While immunotherapy, particularly the use of PD-1/PD-L1 inhibitors, has significantly advanced the treatment of LUAD, noting that there remain unresolved challenges, particularly related to drug resistance and treatment heterogeneity, is important. Current research has focused heavily on the mechanisms of immune checkpoint inhibition.
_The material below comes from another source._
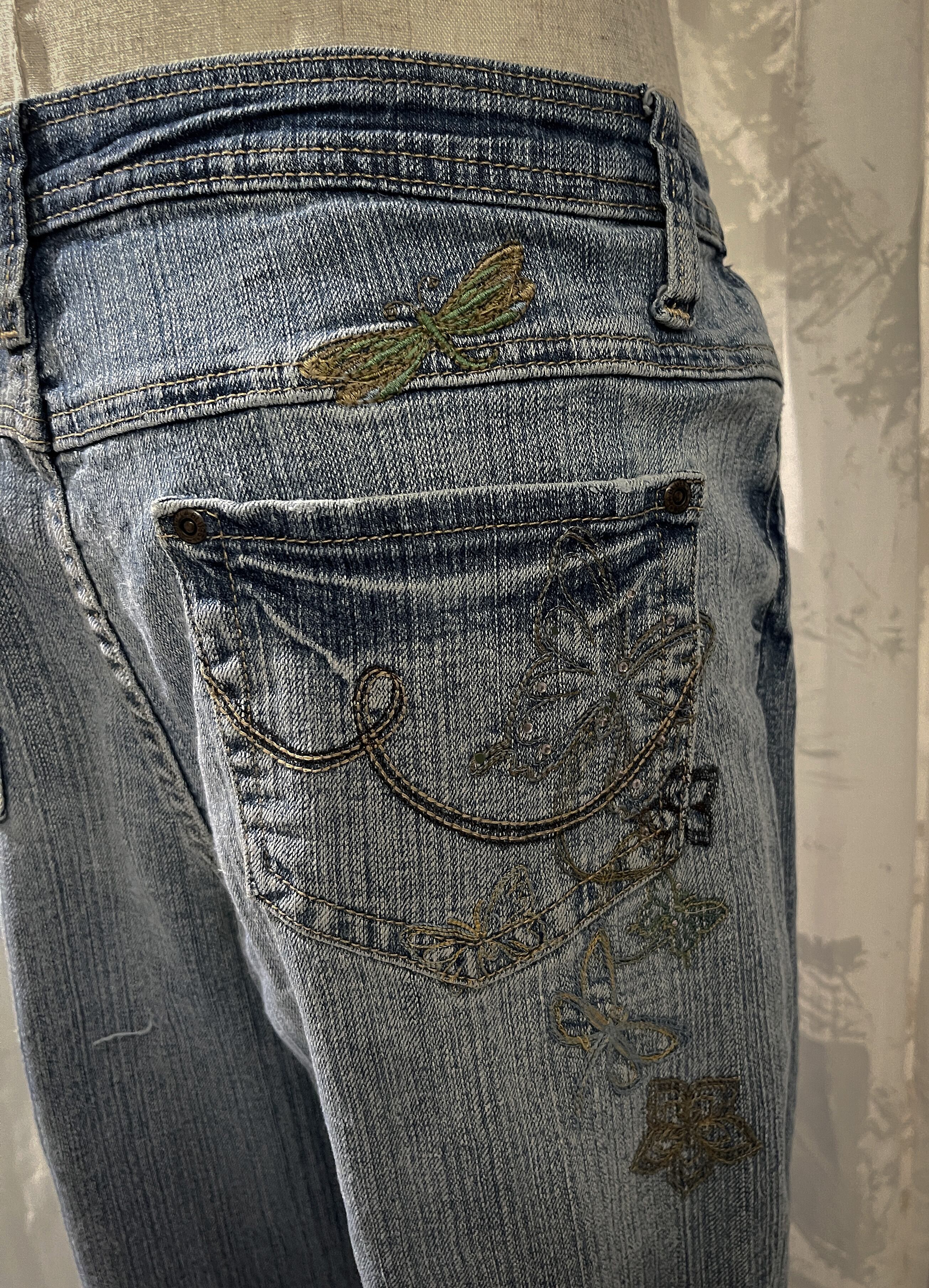 Butterfly Embroidery Semi Flare Denim Pants

However, less attention has been paid to the cellular heterogeneity within the tumor microenvironment that contributes to immune escape and therapy resistance. Furthermore, although the development of single-cell sequencing technologies has revealed promising insights into tumor biology, understanding how these findings could be applied to LUAD is still limited, specifically in the context of resistance to PD-1/PD-L1 inhibitors.
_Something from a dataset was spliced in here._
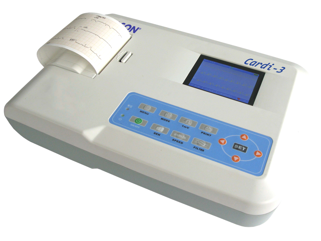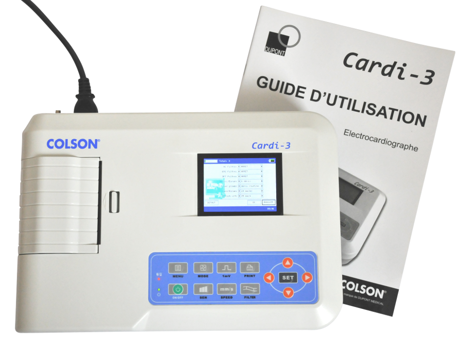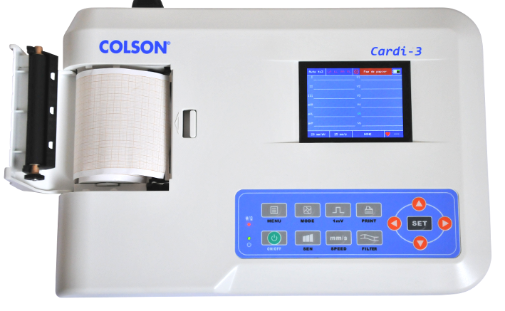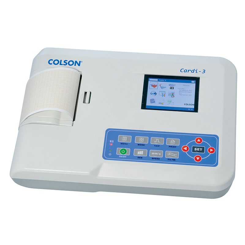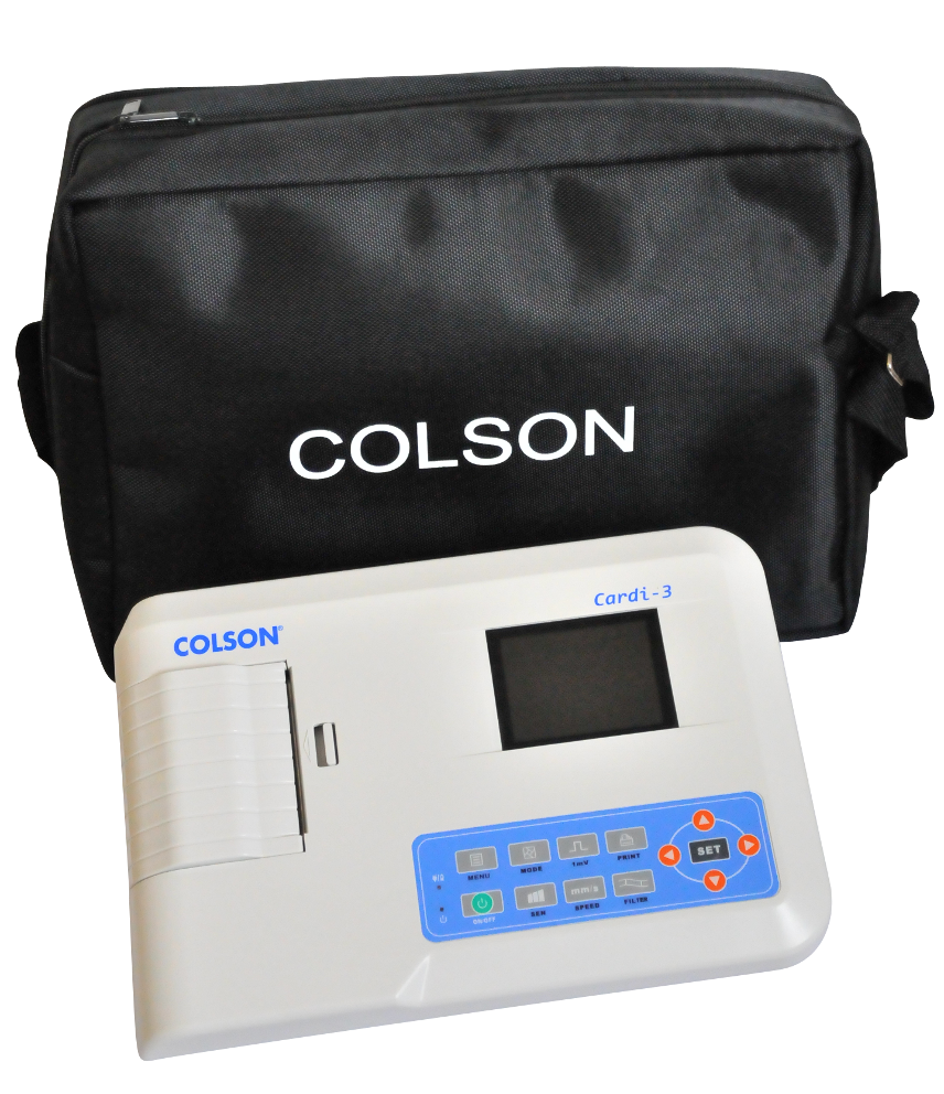 El modelo Cardi-3 de Colson permite hacer varias pruebas a la vez, en el, podemos grabar de forma manual y automática con cálculo de diferentes parámetros y también imprimirlos en diferentes formatos: 2,3 y 4 derivaciones estándar; y 1, 2, 3, y 4, derivaciones de vigilancia del ritmo, también se puede visualizar en su pantalla a color LCD 3, 6 o 12 derivaciones así cómo identificar y grabar las ECG.

This study aimed to create a comprehensive cellular map of LUAD using scRNA-seq to uncover the mechanisms behind PD-L1 monoclonal antibody resistance and immune escape. The study findings could support personalized medicine and improve clinical strategies.

Materials and Methods

Proportions of cell types

The eight LUAD samples used in this study were collected from tumor tissues of hospitalized patients at Zhongshan People's Hospital. The inclusion criteria were as follows: patients aged 18 to 85 years with a diagnosis of localized early-stage LUAD that was pathologically confirmed; patients who had not received immunotherapy, chemotherapy, or radiotherapy prior to enrollment; and patients with good organ function and no serious complications or chronic diseases. Exclusion criteria included patients with severe immune deficiency (such as HIV infection or those undergoing immunosuppressive therapy), patients with autoimmune diseases, organ transplant recipients, and pregnant or breastfeeding women. All patients were required to sign an informed consent form prior to enrollment, confirming their understanding of the study's purpose and potential risks. This study included only patients undergoing tumor tissue removal for the first time and required a full clinical evaluation to ensure that the selected patients were representative and aligned with the study needs.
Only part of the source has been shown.